• _GOAL OF THE EXERCISE_
For the records below, output word for word the lines from the one with "Discussion: The social" up to and including the one with "打ち合わせが立て込む今日はジ". No pictures.

• _DATASET EXCERPTS_
****
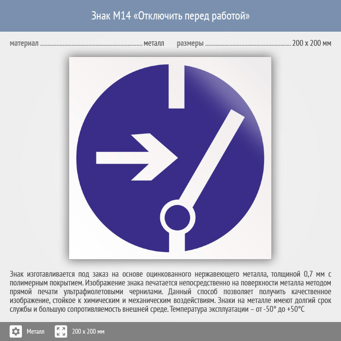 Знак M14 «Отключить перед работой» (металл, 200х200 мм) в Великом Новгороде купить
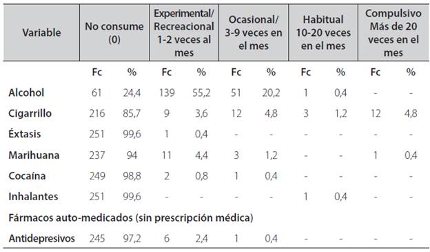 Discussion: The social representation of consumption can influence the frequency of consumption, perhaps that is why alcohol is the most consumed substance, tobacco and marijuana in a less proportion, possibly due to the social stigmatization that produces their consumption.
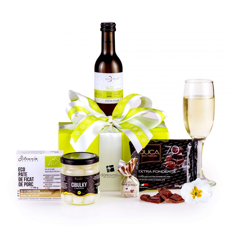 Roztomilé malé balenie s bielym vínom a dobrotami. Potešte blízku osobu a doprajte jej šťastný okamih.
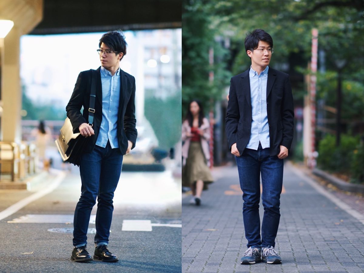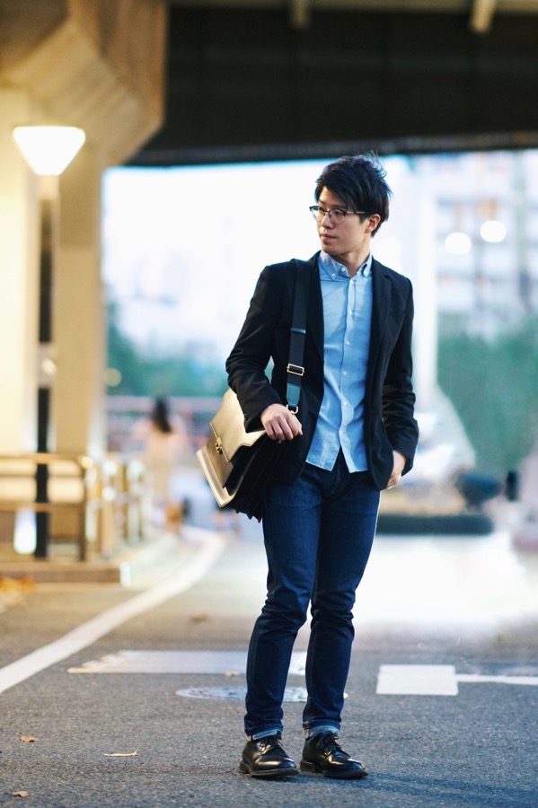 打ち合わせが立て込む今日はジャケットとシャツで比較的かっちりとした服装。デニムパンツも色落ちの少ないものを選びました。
****
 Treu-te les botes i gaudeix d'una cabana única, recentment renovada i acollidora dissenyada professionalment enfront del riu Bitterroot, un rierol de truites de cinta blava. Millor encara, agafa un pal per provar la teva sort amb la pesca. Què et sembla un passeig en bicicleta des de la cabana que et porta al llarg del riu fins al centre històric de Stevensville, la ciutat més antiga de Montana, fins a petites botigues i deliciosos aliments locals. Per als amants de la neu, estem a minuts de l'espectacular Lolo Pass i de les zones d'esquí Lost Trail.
****
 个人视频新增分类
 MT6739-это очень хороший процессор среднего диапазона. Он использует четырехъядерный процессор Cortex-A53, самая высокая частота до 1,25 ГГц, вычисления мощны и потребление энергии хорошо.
****
• _OUTPUT_
 Discussion: The social representation of consumption can influence the frequency of consumption, perhaps that is why alcohol is the most consumed substance, tobacco and marijuana in a less proportion, possibly due to the social stigmatization that produces their consumption.
 Roztomilé malé balenie s bielym vínom a dobrotami. Potešte blízku osobu a doprajte jej šťastný okamih.
 打ち合わせが立て込む今日はジャケットとシャツで比較的かっちりとした服装。デニムパンツも色落ちの少ないものを選びました。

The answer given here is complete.